» Work request: Where does the word "home" show up in the records? Copy every line that has it.
----- Material provided -----
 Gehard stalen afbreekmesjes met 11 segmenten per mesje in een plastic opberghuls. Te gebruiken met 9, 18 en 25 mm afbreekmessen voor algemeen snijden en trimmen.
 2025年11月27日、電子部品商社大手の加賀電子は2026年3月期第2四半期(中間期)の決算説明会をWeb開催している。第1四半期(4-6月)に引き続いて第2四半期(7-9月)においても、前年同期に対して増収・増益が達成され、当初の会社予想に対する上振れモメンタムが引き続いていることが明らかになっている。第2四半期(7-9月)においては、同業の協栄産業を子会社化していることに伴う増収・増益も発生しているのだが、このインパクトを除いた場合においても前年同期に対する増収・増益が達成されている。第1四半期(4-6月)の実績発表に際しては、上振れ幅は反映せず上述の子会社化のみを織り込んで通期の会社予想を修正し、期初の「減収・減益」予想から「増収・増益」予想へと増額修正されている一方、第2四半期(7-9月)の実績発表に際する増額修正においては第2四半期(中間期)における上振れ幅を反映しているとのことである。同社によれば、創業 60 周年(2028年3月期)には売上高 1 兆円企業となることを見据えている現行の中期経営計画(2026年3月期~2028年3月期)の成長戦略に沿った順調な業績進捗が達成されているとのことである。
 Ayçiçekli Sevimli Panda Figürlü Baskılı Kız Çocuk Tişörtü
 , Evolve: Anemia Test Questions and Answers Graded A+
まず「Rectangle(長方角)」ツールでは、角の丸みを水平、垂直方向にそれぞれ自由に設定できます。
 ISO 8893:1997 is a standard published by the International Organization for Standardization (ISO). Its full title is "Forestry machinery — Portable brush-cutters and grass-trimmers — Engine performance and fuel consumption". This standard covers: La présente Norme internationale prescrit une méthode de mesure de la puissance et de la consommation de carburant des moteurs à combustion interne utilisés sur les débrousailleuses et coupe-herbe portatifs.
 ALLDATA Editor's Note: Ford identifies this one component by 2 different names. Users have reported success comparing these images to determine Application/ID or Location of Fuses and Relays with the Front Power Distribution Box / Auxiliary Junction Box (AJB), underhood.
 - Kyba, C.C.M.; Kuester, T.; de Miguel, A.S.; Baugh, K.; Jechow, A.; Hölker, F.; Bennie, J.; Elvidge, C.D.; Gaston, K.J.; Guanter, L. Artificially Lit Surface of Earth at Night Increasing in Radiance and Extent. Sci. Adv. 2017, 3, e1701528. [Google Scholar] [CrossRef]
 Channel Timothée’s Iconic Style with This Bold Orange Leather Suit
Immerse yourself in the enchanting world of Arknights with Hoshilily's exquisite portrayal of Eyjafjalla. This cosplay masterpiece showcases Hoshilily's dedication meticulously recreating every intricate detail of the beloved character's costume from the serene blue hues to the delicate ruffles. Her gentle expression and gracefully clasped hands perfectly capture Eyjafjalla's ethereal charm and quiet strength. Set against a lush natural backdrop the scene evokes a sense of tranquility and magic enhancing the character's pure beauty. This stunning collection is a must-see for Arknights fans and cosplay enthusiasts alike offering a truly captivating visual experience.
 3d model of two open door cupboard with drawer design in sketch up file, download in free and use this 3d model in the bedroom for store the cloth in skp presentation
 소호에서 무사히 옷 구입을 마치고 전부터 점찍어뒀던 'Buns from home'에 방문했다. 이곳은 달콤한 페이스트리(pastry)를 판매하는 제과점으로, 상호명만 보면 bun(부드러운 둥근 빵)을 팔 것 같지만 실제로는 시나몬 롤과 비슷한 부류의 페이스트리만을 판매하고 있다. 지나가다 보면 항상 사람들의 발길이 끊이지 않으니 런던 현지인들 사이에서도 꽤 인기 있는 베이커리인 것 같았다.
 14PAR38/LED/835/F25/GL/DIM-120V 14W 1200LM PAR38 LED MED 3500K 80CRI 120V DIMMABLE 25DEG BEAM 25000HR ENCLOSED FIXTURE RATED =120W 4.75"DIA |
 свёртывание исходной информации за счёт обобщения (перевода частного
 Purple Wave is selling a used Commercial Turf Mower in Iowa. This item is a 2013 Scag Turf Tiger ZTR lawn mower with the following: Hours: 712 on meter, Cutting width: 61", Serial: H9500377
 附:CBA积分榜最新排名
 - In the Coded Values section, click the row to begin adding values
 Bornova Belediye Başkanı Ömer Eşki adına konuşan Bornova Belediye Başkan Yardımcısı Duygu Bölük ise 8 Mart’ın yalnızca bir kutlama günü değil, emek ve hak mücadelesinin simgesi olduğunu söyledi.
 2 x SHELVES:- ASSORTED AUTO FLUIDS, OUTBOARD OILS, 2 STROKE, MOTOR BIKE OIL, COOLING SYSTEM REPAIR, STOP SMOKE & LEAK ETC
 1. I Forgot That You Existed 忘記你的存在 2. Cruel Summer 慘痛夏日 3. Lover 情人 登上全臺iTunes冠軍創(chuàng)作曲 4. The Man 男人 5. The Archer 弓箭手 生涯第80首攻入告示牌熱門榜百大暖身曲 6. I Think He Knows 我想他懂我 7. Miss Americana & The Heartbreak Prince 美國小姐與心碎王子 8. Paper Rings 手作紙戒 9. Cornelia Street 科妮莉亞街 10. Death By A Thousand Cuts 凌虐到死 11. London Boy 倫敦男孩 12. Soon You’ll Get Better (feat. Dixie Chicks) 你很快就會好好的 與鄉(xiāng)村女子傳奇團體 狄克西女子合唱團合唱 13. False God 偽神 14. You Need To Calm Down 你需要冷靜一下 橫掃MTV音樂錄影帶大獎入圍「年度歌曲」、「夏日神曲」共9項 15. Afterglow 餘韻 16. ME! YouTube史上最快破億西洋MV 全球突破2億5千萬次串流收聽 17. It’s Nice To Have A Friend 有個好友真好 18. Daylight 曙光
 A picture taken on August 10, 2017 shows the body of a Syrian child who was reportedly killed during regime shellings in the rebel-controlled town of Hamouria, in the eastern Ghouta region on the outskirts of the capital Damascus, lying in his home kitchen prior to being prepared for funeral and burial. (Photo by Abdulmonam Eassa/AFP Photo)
-----
» Problem solution:
 소호에서 무사히 옷 구입을 마치고 전부터 점찍어뒀던 'Buns from home'에 방문했다. 이곳은 달콤한 페이스트리(pastry)를 판매하는 제과점으로, 상호명만 보면 bun(부드러운 둥근 빵)을 팔 것 같지만 실제로는 시나몬 롤과 비슷한 부류의 페이스트리만을 판매하고 있다. 지나가다 보면 항상 사람들의 발길이 끊이지 않으니 런던 현지인들 사이에서도 꽤 인기 있는 베이커리인 것 같았다.
 A picture taken on August 10, 2017 shows the body of a Syrian child who was reportedly killed during regime shellings in the rebel-controlled town of Hamouria, in the eastern Ghouta region on the outskirts of the capital Damascus, lying in his home kitchen prior to being prepared for funeral and burial. (Photo by Abdulmonam Eassa/AFP Photo)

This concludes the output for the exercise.